[PATCH 1/3] riscv: optimized memcpy
David Laight
David.Laight at ACULAB.COM
Thu Jun 17 14:30:06 PDT 2021
From: Matteo Croce
> Sent: 16 June 2021 19:52
> To: Guo Ren <guoren at kernel.org>
>
> On Wed, Jun 16, 2021 at 1:46 PM Guo Ren <guoren at kernel.org> wrote:
> >
> > Hi Matteo,
> >
> > Have you tried Glibc generic implementation code?
> > ref: https://lore.kernel.org/linux-arch/20190629053641.3iBfk9-
> I_D29cDp9yJnIdIg7oMtHNZlDmhLQPTumhEc at z/#t
> >
> > If Glibc codes have the same performance in your hardware, then you
> > could give a generic implementation first.
Isn't that a byte copy loop - the performance of that ought to be terrible.
...
> I had a look, it seems that it's a C unrolled version with the
> 'register' keyword.
> The same one was already merged in nios2:
> https://elixir.bootlin.com/linux/latest/source/arch/nios2/lib/memcpy.c#L68
I know a lot about the nios2 instruction timings.

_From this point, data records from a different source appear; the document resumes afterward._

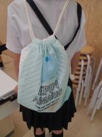 家庭科の時間にナップサックを作りました。ミシンの直線縫いやひもの通し方を覚えてできるようになったから次に生かしたいです。上手にポケットを付けていた児童もいました。感心しました。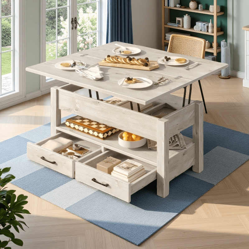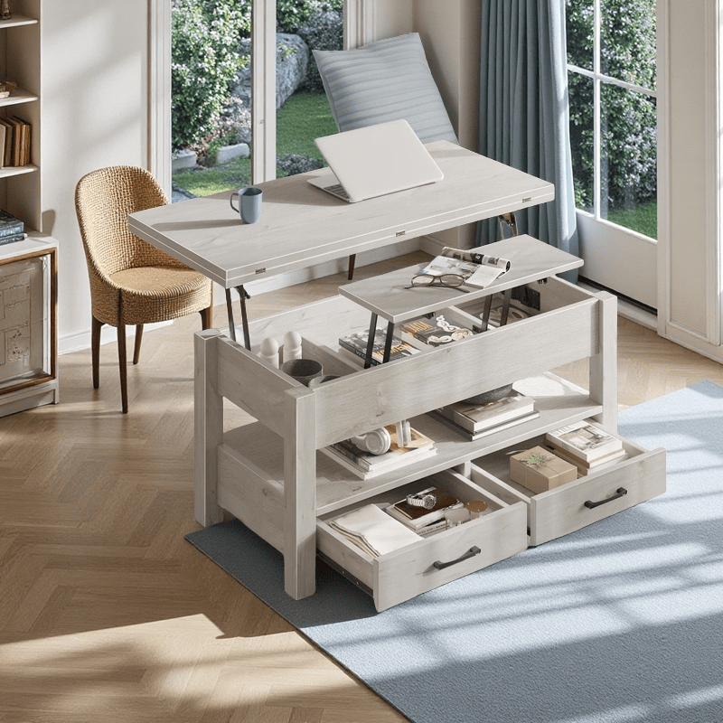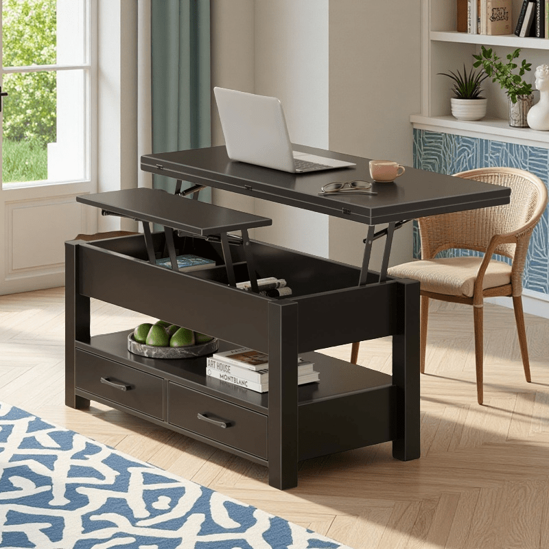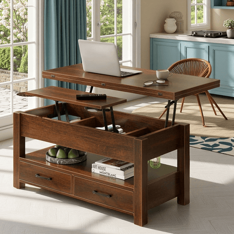· Split Lift-top Design 3 Ways to Use The split table top can be lifted in different directions to offer two independent-use spaces, allowing you and your family to use the table separately without interruption. The larger table top board can be turned 180 degrees freely for dining. So this coffee table is not only a functional table in the living room or reception room but also a home office desk or dining table.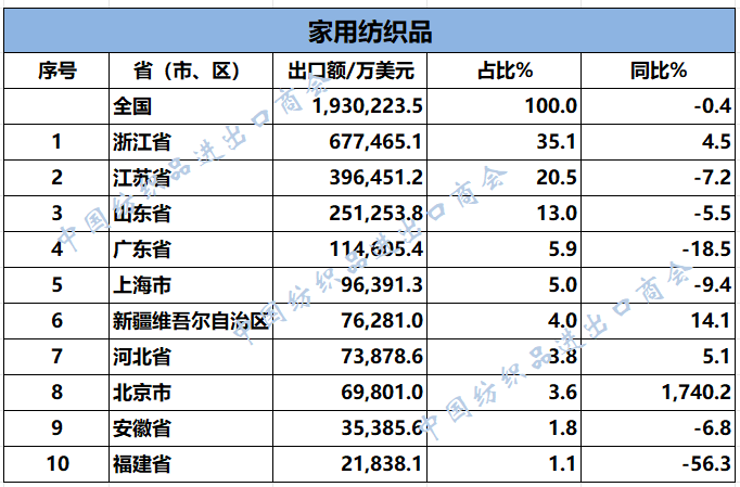 2025年1-11月纺织服装重点省市出口概况

(I've looked at code execution in the fpga's intel 'logic analiser.)
It is a very simple 4-clock pipeline cpu with a 2-clock delay
before a value read from 'tightly coupled memory' (aka cache)
can be used in another instruction.
There is also a subtle pipeline stall if a read follows a write
to the same memory block because the write is executed one
clock later - and would collide with the read.
Since it only ever executes one instruction per clock loop
unrolling does help - since you never get the loop control 'for free'.
OTOH you don't need to use that many registers.
But an unrolled loop should approach 2 bytes/clock (32bit cpu).
> I copied _wordcopy_fwd_aligned() from Glibc, and I have a very similar
> result of the other versions:
>
> [ 563.359126] Strings selftest: memcpy(src+7, dst+7): 257 Mb/s
What clock speed is that running at?
It seems very slow for a 64bit cpu (that isn't an fpga soft-cpu).
While the small riscv cpu might be similar to the nios2 (and mips
for that matter), there are also bigger/faster cpu.
I'm sure these can execute multiple instructions/clock
and possible even read and write at the same time.
Unless they also support significant instruction re-ordering
the trivial copy loops are going to be slow on such cpu.